CTO & Co-Founder December 16, 2024 8 min read

Protocol document with highlighted inclusion and exclusion criteria text

Inclusion and exclusion criteria are written for a specific audience: FDA reviewers, IRB committees, and regulatory affairs teams who need to understand the study population, assess risk, and evaluate scientific rationale. They are not written for databases. The language is precise in a regulatory sense — carefully constructed to withstand scrutiny in a submission package — but that precision is expressed in natural language with embedded logic, implicit temporal references, and clinical ontology concepts that no SQL query understands natively.

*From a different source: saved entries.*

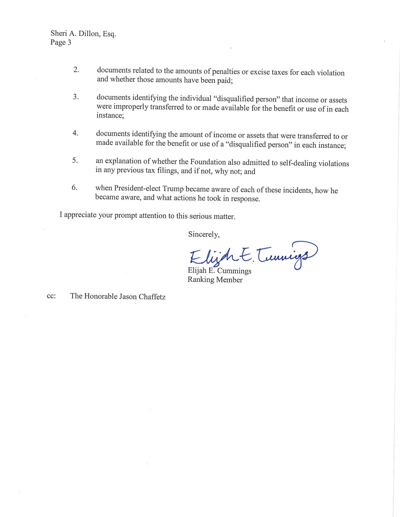So, news. Rep Cummingsās letter is embedded in the tweet.
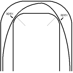 There on the left you see a very simple diagram I made with my Crayolas. The turns are exaggerated (the track actually looks a little bit like Indianapolis Motor Speedway with that short chute, or tiny straightaway between the corners) to better illustrate the concept of diamonding a corner. You can see now why it’s called a double apex. You apex on entry and on exit. When you make one complete lap, your live takes the shape of a diamond (sort of), hence the technique also became known as diamonding the corner. As the diagram shows, you turn in, drift up, turn down, then drift up again.
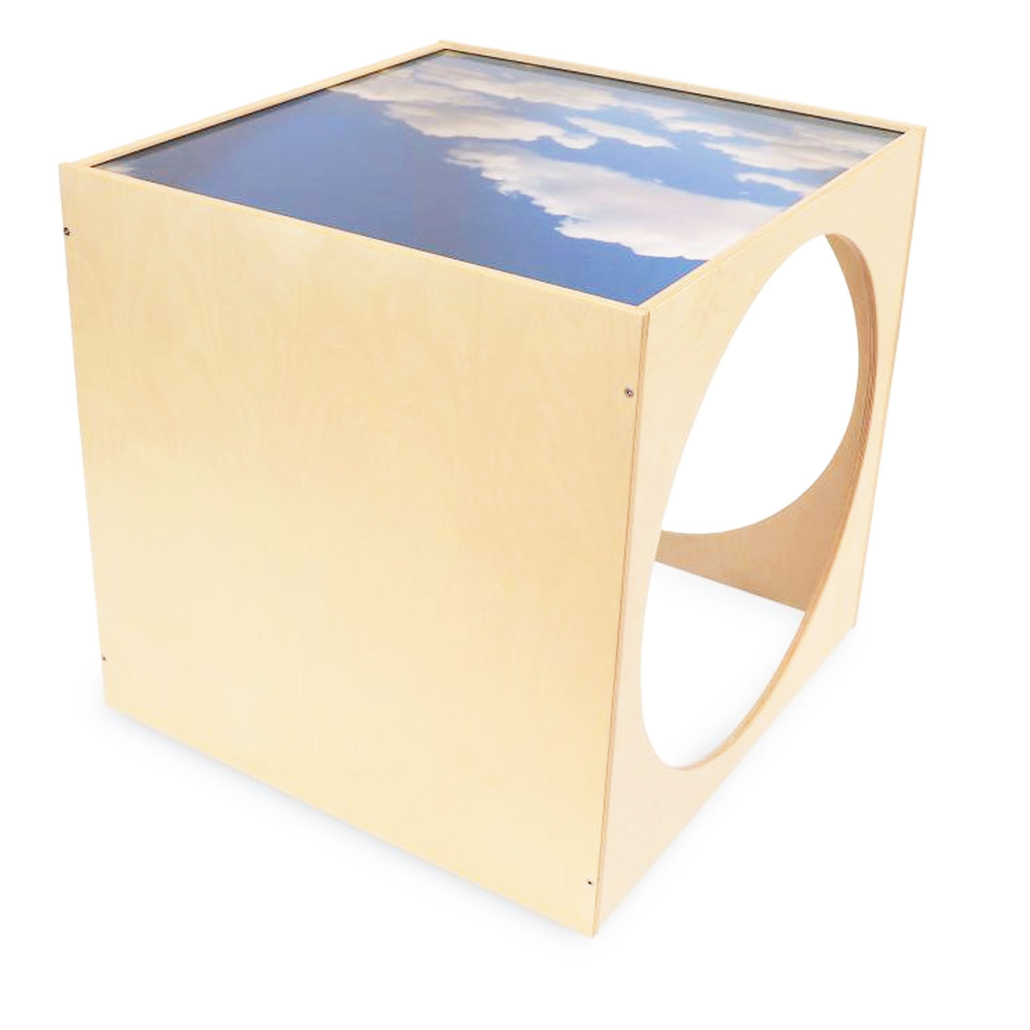 The top of this privacy cube has a shatterproof clear acrylic panel imprinted with a serene sky that invites children inside for a peaceful break while also providing easy visibility for supervision.
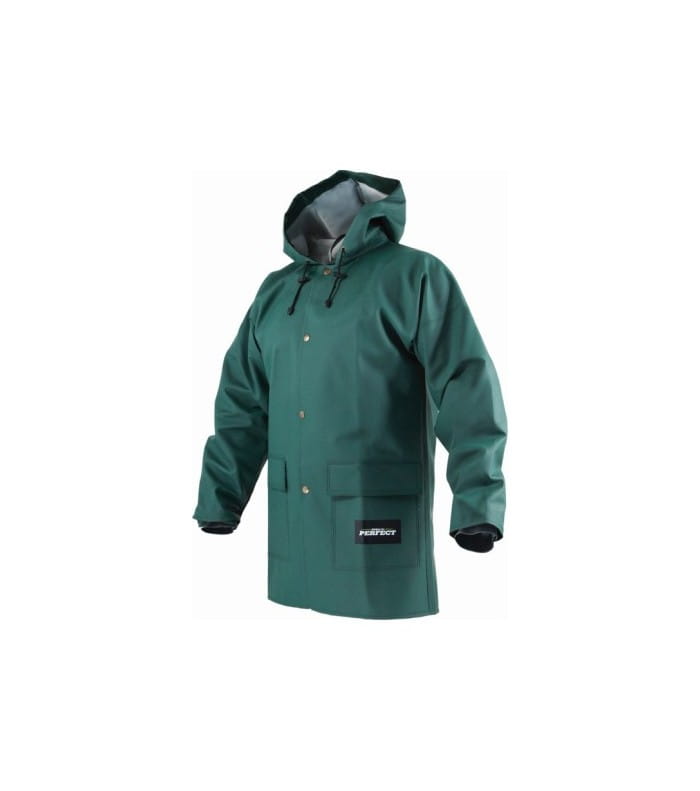 Kurtka przeciwdeszczowa z wodoodpornego tworzywa PLAVITEX o bardzo wysokiej odporności na wiatr i niską temperaturę otoczenia. Posiada właściwości termoizolacyjne, utrzymujące ciepłotę ciała. Kurtka wodoodporna zapinana jest na zatrzaski, posiada też duże kieszenie zabezpieczone patkami. Jej luźna forma nie krępuje ruchów. Do tego ma ona zintegrowany regulowany kaptur i wiatrołap w rękawie.
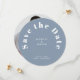 Cercle de typographie moderne classe enregistrer la carte de date avec un texte minimal sur le devant sur un arrière - plan bleu poussiéreux et votre image de choix sur le dos. Customisez cette ronde enregistrer la carte de date avec votre propre photo, noms, date mariage et emplacement. Les couleurs sont personnalisables également.
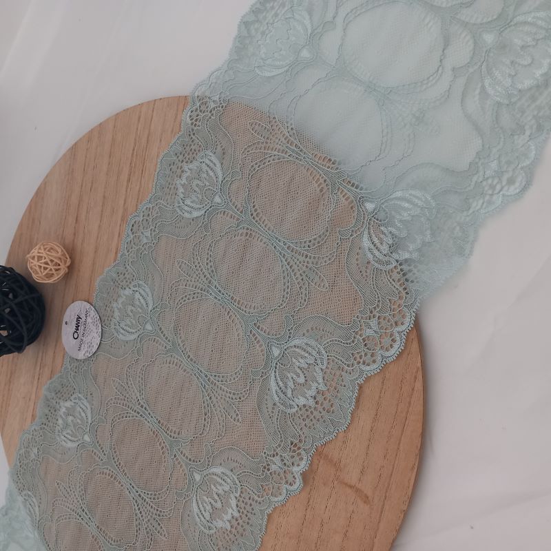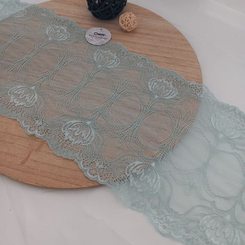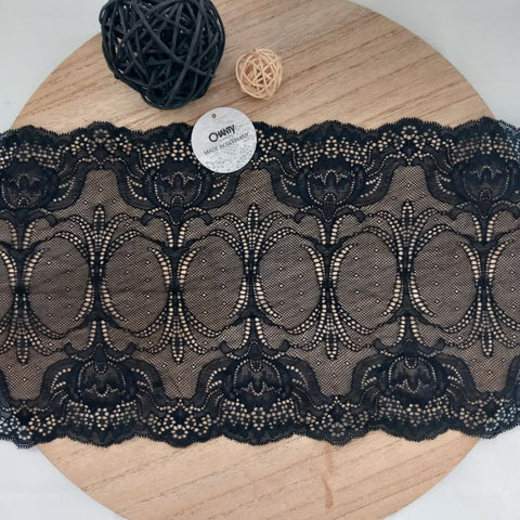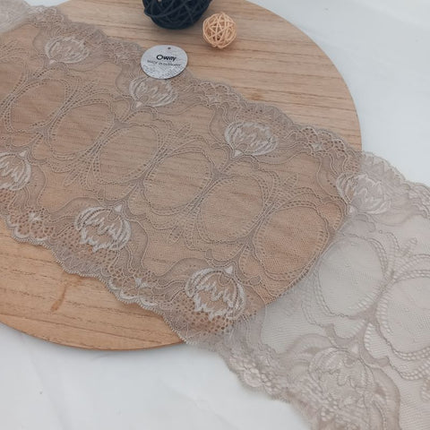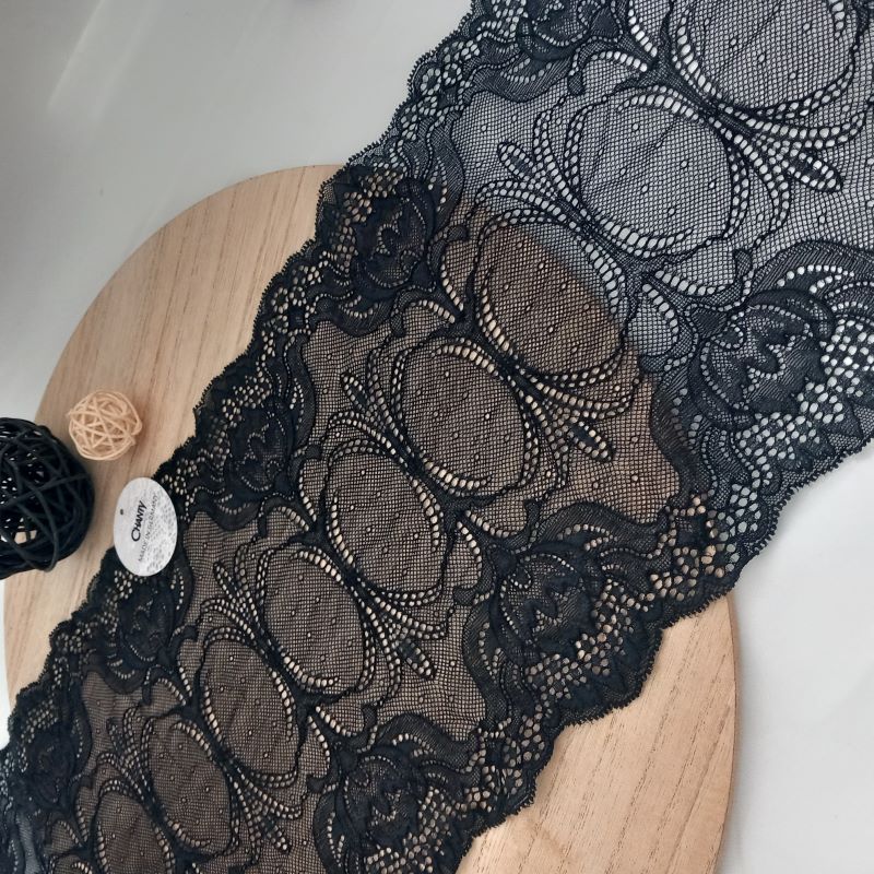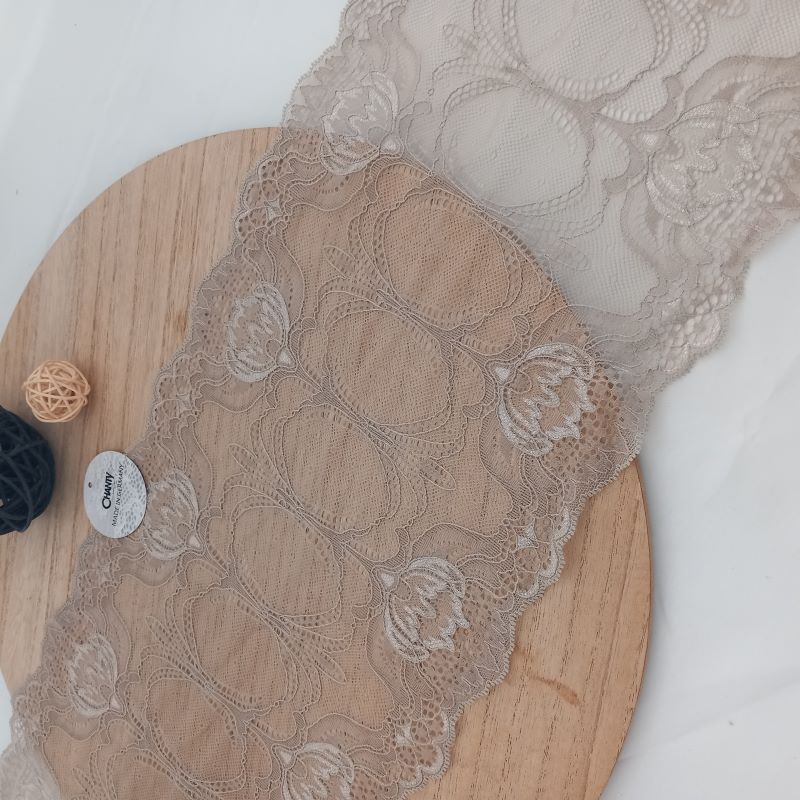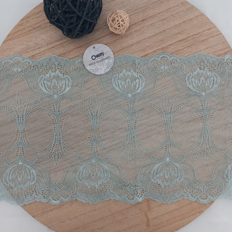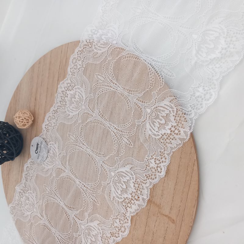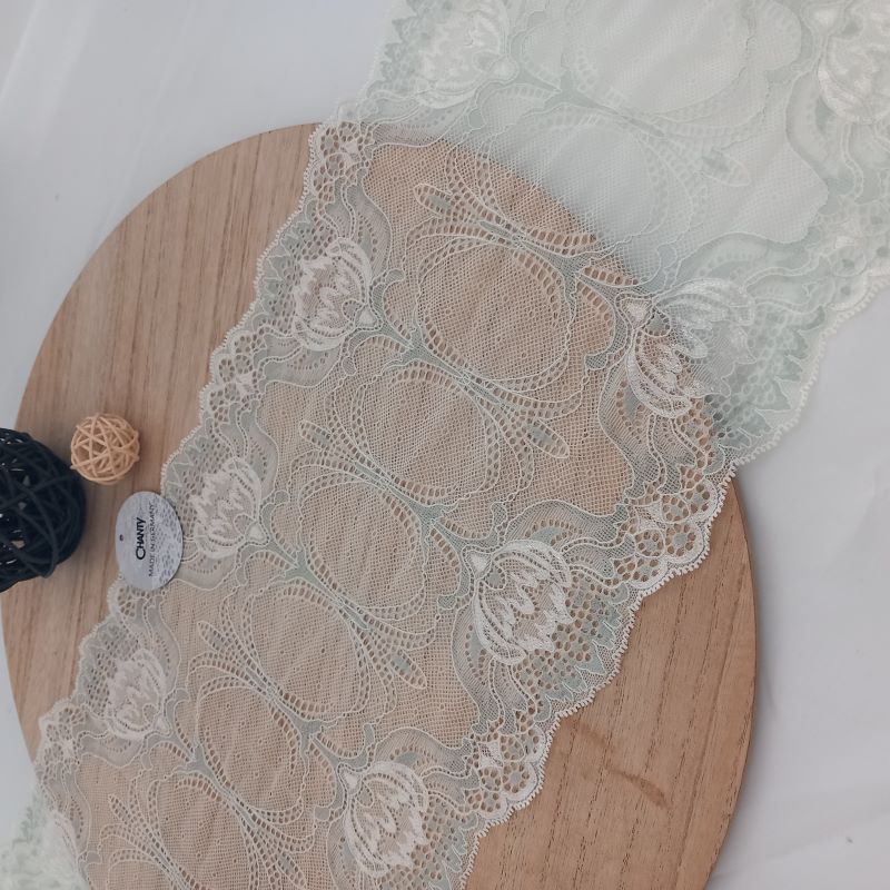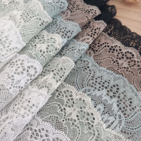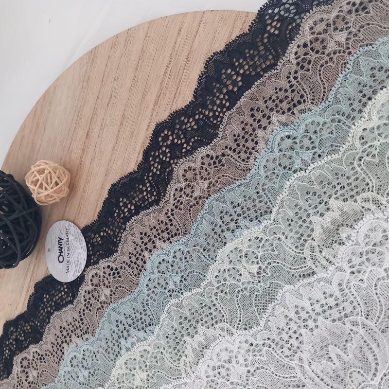 Depending on the quantity, lace fabrics will either be put onto a roll/spool and packed into cartons or, if the quantity is low, they may also be just folded and put into an envelope. The meterage per roll/spool varies depending on the width.

Building a system that reliably parses I/E criteria at scale means confronting that gap directly. This article describes the specific linguistic and structural patterns that make protocol parsing harder than it appears — not to suggest the problem is unsolvable, but to explain why a naive approach (regular expression matching, simple keyword extraction, off-the-shelf NLP pipelines) reliably fails in production trial environments.

The temporal constraint problem

Temporal constraints are among the most common and most underestimated challenge in I/E criteria parsing. A criterion like "eGFR ≥60 mL/min/1.73m² within 90 days prior to screening" contains three distinct data requirements: the lab value identity (eGFR, which maps to LOINC 69405-9 for CKD-EPI or 33914-3 for MDRD, depending on the lab), the threshold value (≥60), and the temporal window (within 90 days of the screening date).

Each of these requires a different handling strategy. The lab value identity requires ontology normalization — different labs use different LOINC codes for eGFR variants, and the clinical equivalence of those codes must be established before the query can be written. The threshold is straightforward once the field is identified, but the comparator (≥ versus > versus ≤) must be parsed accurately, as the difference between eGFR ≥60 and eGFR >60 is clinically meaningful for patients at exactly 60. The temporal window is the most complex: "within 90 days prior to screening" is a relative reference that can only be evaluated against a specific screening date, which at pre-screening time is either unknown or set to today as a proxy.

Temporal language in protocols is not standardized. A single trial might contain all of the following formulations across its I/E criteria:

"within the 12 weeks prior to enrollment"
"at least 3 months before the baseline visit"
"no earlier than 6 months prior to study entry"
"documented within the preceding 6 calendar months"
"not within 30 days of randomization"

These expressions refer to different reference points (enrollment, baseline visit, study entry, randomization), different time units (weeks, months, calendar months), and different directions (prior to, not within). A parser that handles "within 12 weeks" but treats "at least 3 months before" as a different structural class will fail on a significant fraction of criteria across a real trial portfolio.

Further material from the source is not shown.